[INSTRUCTIONS TO FOLLOW] Reproduce, exactly and in full, the lines from the one with "This iconic 1930s" through the one with "Пенал каркасный, 1" in the data below; drop pictures.

[EXERCISE INPUTS]
============================================================
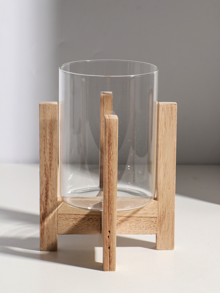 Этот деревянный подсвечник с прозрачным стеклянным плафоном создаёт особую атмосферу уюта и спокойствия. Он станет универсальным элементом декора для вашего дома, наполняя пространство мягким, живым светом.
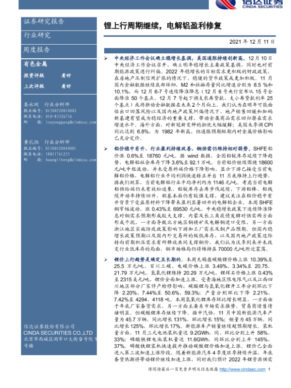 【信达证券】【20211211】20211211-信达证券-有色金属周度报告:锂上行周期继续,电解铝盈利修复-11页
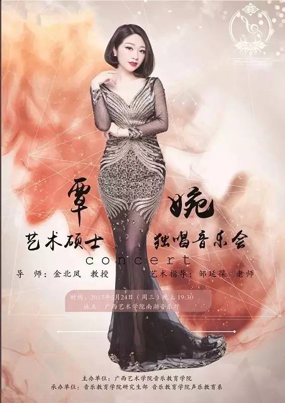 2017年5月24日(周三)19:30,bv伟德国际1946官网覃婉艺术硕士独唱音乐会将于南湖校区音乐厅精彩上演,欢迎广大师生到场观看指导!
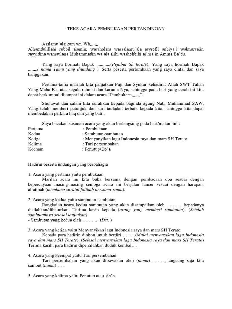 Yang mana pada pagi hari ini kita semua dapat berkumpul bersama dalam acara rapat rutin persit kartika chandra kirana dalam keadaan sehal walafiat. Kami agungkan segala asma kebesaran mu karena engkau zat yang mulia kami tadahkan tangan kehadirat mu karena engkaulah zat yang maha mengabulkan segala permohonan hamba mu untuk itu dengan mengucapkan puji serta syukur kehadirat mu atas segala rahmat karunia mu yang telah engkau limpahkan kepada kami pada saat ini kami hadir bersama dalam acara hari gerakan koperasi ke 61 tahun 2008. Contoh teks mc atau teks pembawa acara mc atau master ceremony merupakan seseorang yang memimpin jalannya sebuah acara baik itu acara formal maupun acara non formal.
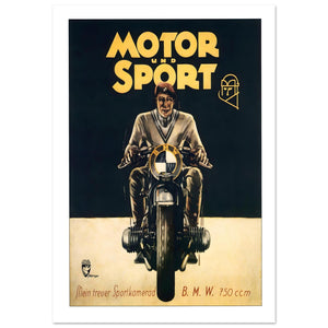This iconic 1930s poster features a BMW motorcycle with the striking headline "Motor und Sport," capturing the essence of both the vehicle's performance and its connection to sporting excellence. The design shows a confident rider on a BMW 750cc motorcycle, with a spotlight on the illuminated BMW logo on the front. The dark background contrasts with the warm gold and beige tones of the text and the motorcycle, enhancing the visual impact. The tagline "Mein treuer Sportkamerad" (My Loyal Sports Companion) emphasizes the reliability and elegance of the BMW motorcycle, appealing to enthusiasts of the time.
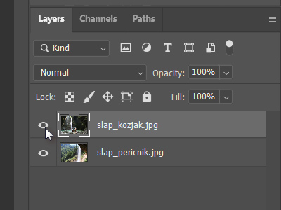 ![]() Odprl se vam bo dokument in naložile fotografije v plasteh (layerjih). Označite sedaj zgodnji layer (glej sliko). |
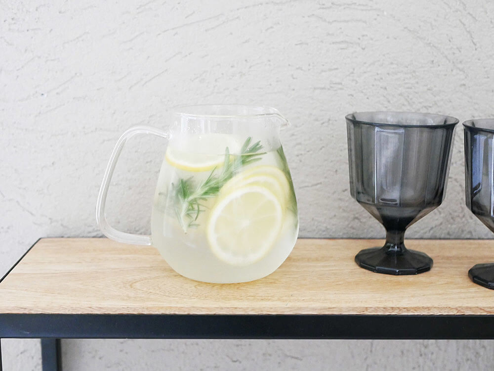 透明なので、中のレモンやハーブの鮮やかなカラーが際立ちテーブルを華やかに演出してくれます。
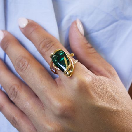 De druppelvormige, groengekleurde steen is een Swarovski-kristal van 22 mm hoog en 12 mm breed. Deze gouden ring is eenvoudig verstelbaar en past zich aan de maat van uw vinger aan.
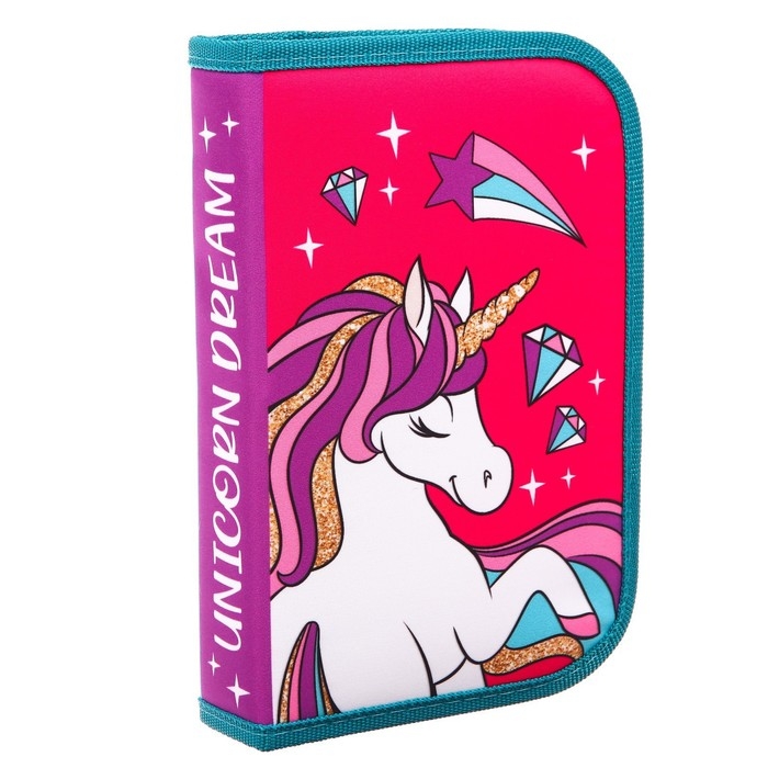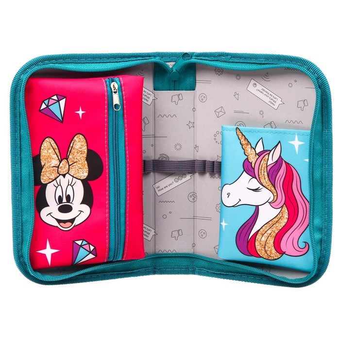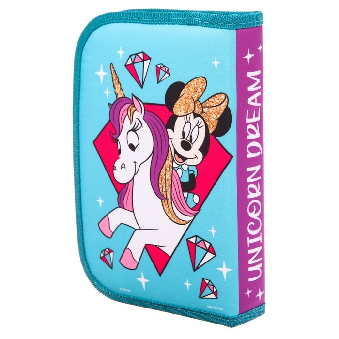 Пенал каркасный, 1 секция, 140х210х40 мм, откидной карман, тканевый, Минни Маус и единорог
============================================================
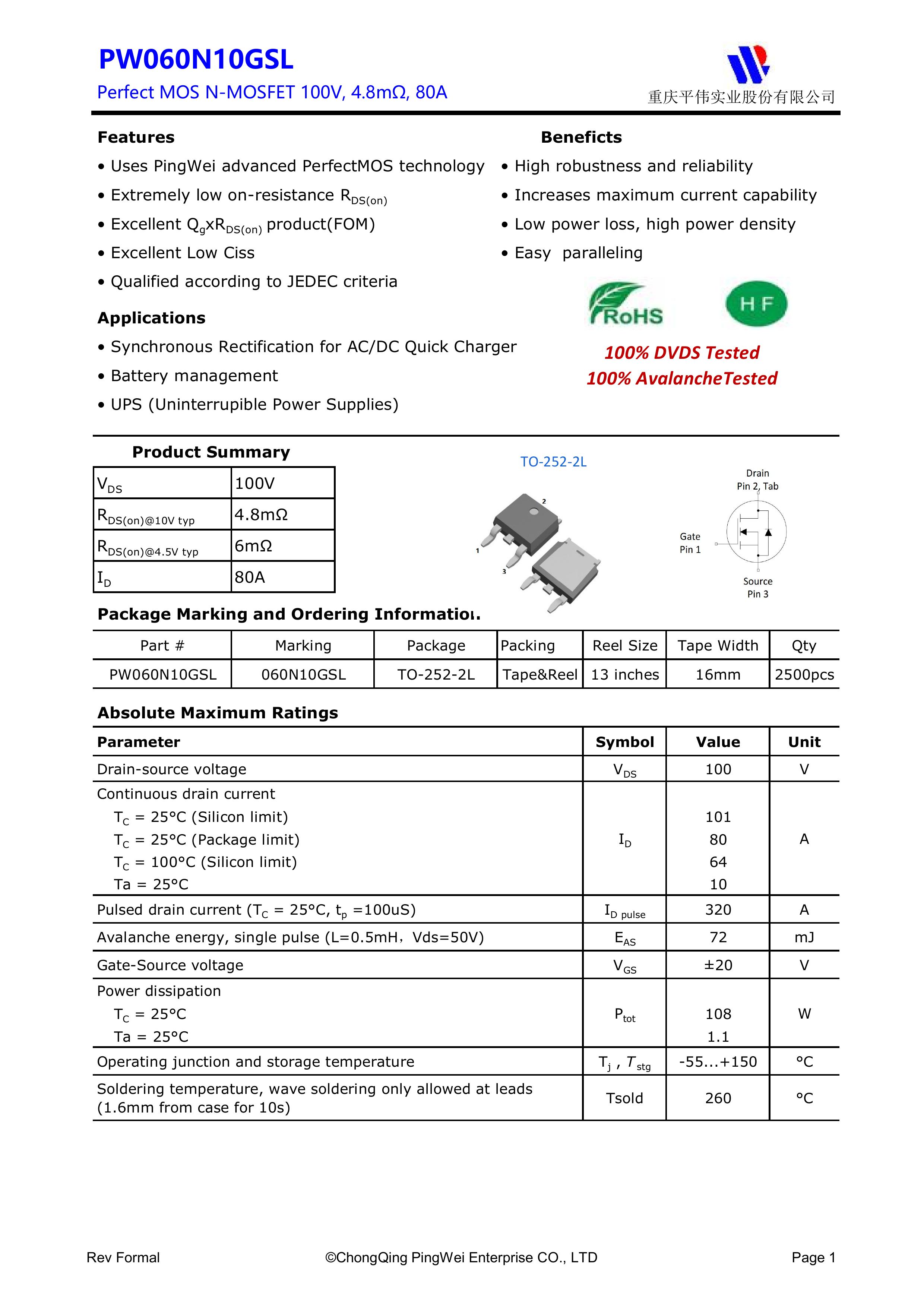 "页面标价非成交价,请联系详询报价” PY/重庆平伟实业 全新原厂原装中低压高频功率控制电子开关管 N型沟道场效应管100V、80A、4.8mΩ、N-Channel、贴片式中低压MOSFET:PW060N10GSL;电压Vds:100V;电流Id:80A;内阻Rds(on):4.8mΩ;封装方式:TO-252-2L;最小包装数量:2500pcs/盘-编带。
============================================================
[EXPECTED ANSWER]
This iconic 1930s poster features a BMW motorcycle with the striking headline "Motor und Sport," capturing the essence of both the vehicle's performance and its connection to sporting excellence. The design shows a confident rider on a BMW 750cc motorcycle, with a spotlight on the illuminated BMW logo on the front. The dark background contrasts with the warm gold and beige tones of the text and the motorcycle, enhancing the visual impact. The tagline "Mein treuer Sportkamerad" (My Loyal Sports Companion) emphasizes the reliability and elegance of the BMW motorcycle, appealing to enthusiasts of the time.
 ![]() Odprl se vam bo dokument in naložile fotografije v plasteh (layerjih). Označite sedaj zgodnji layer (glej sliko). |
 透明なので、中のレモンやハーブの鮮やかなカラーが際立ちテーブルを華やかに演出してくれます。
 De druppelvormige, groengekleurde steen is een Swarovski-kristal van 22 mm hoog en 12 mm breed. Deze gouden ring is eenvoudig verstelbaar en past zich aan de maat van uw vinger aan.
 Пенал каркасный, 1 секция, 140х210х40 мм, откидной карман, тканевый, Минни Маус и единорог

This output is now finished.